**The records**
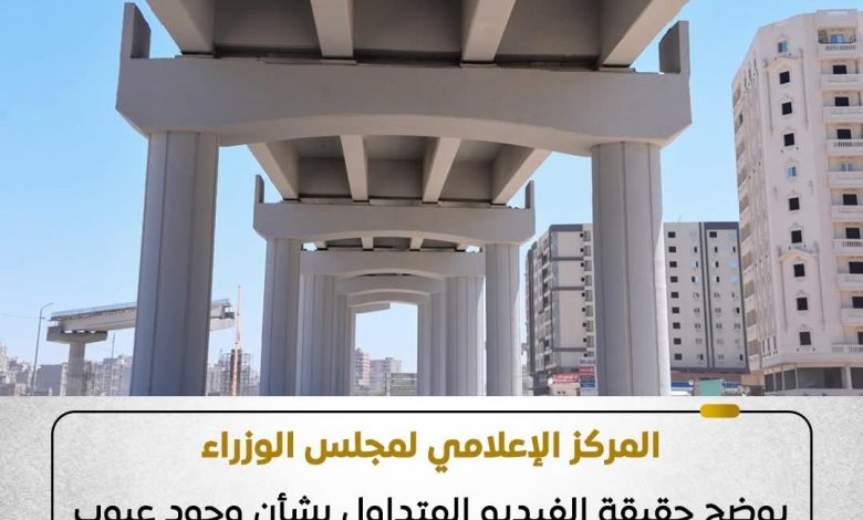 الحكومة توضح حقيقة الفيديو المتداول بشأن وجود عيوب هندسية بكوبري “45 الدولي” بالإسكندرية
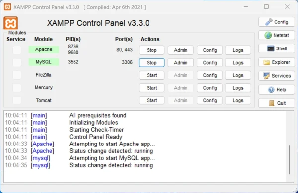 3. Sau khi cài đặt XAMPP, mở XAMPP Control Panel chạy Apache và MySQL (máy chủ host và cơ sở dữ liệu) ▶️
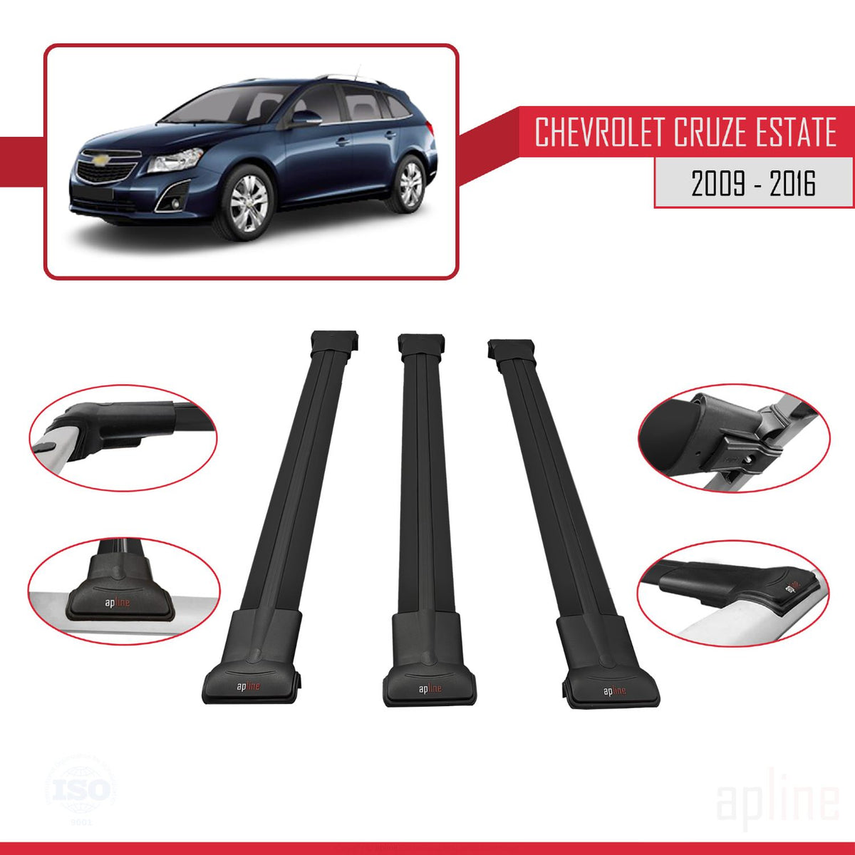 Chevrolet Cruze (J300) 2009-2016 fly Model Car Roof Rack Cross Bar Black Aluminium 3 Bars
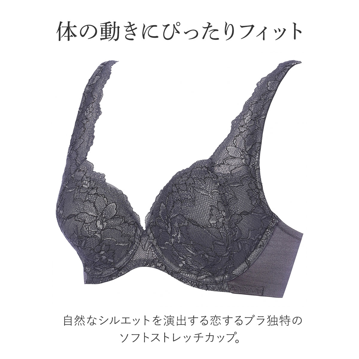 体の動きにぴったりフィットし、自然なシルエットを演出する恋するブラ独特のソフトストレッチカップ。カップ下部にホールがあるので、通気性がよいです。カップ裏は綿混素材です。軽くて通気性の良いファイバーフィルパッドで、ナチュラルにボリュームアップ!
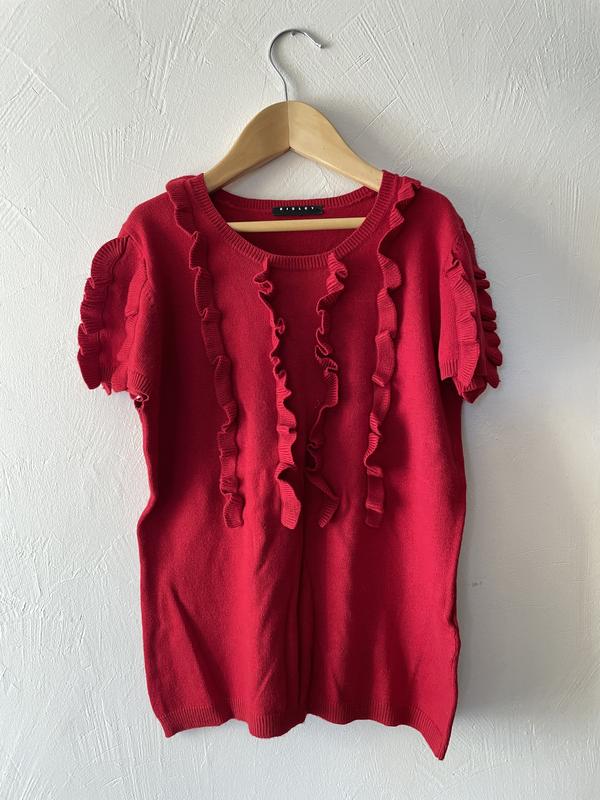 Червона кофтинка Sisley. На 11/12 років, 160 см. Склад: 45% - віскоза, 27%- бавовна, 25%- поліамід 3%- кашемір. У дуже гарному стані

---

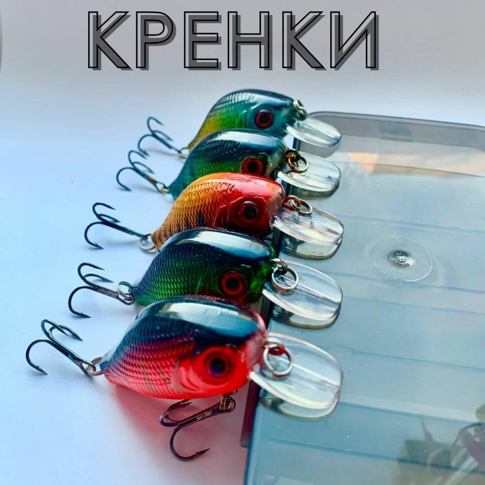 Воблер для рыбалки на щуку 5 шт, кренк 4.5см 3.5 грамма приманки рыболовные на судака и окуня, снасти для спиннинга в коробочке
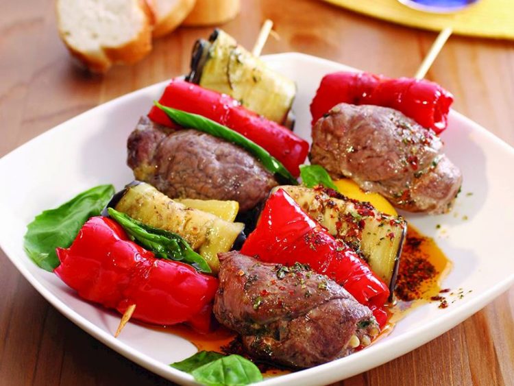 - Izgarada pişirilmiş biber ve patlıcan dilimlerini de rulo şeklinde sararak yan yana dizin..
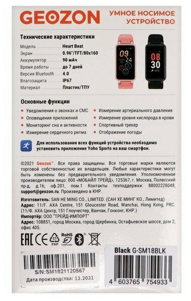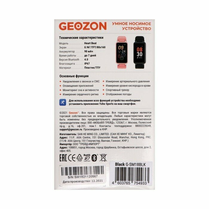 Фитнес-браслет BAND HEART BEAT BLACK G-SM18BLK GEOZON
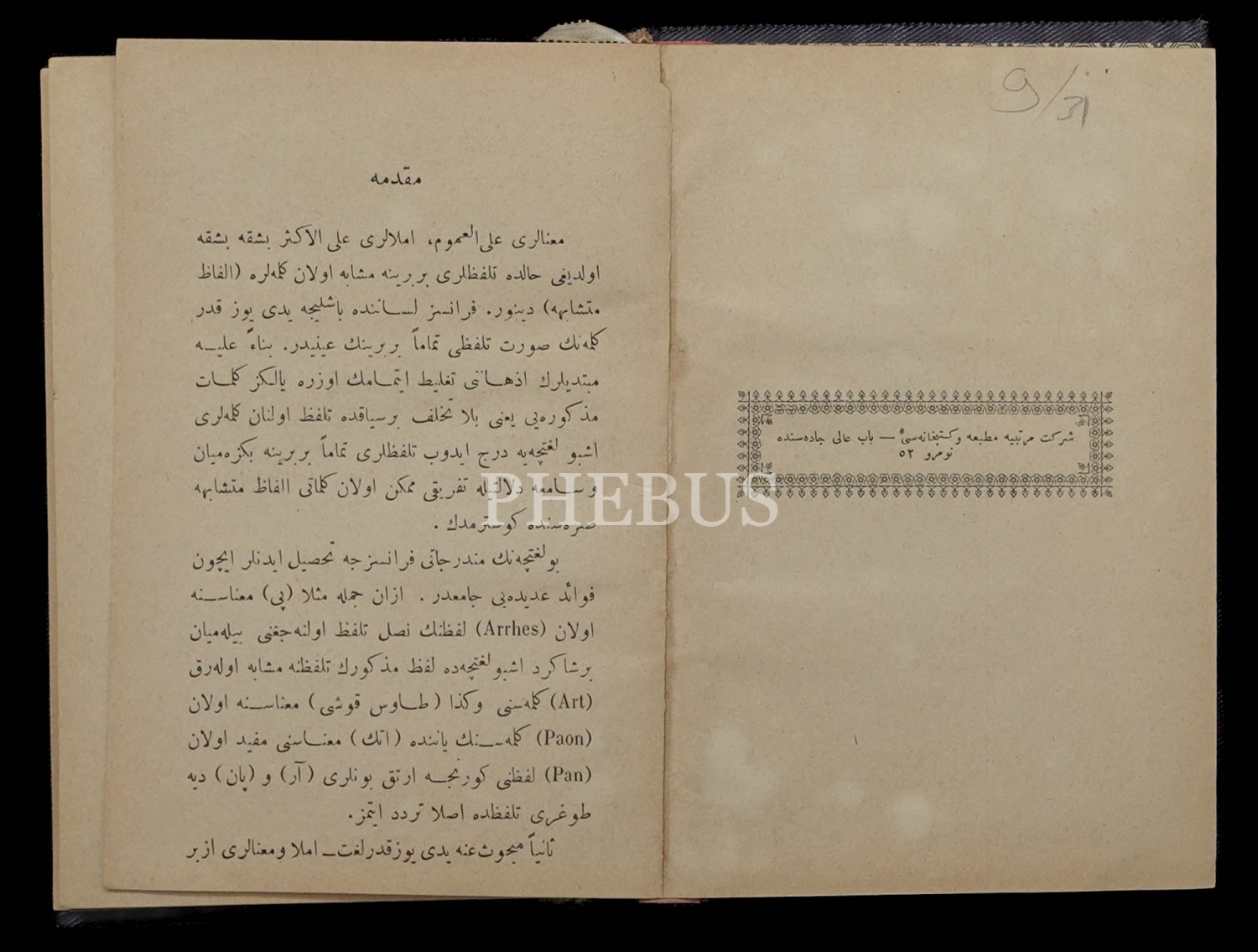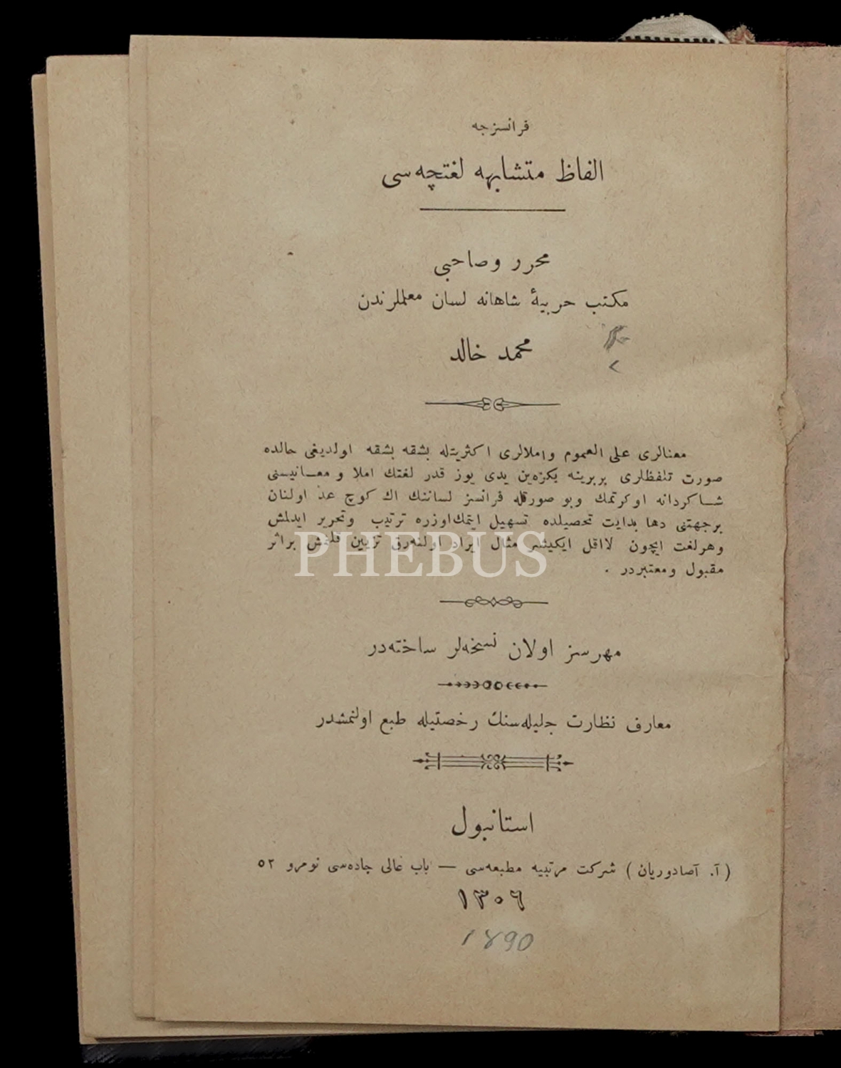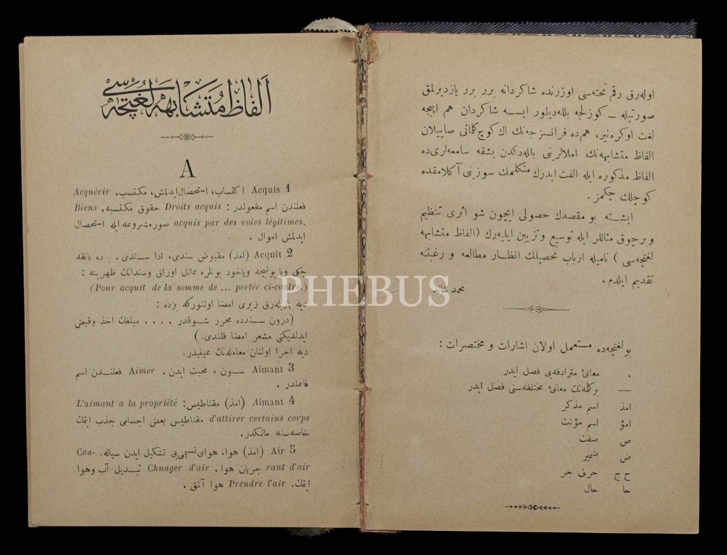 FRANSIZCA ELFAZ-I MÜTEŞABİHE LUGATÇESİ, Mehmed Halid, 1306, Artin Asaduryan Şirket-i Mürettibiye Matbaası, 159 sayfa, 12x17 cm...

**Problem statement**
Above are some entries; copy exactly the lines from the line with "الحكومة توضح حقيقة" through the line with "Червона кофтинка Sisley.", both included, but none of the pictures.

**Response**
 الحكومة توضح حقيقة الفيديو المتداول بشأن وجود عيوب هندسية بكوبري “45 الدولي” بالإسكندرية
 3. Sau khi cài đặt XAMPP, mở XAMPP Control Panel chạy Apache và MySQL (máy chủ host và cơ sở dữ liệu) ▶️
 Chevrolet Cruze (J300) 2009-2016 fly Model Car Roof Rack Cross Bar Black Aluminium 3 Bars
 体の動きにぴったりフィットし、自然なシルエットを演出する恋するブラ独特のソフトストレッチカップ。カップ下部にホールがあるので、通気性がよいです。カップ裏は綿混素材です。軽くて通気性の良いファイバーフィルパッドで、ナチュラルにボリュームアップ!
 Червона кофтинка Sisley. На 11/12 років, 160 см. Склад: 45% - віскоза, 27%- бавовна, 25%- поліамід 3%- кашемір. У дуже гарному стані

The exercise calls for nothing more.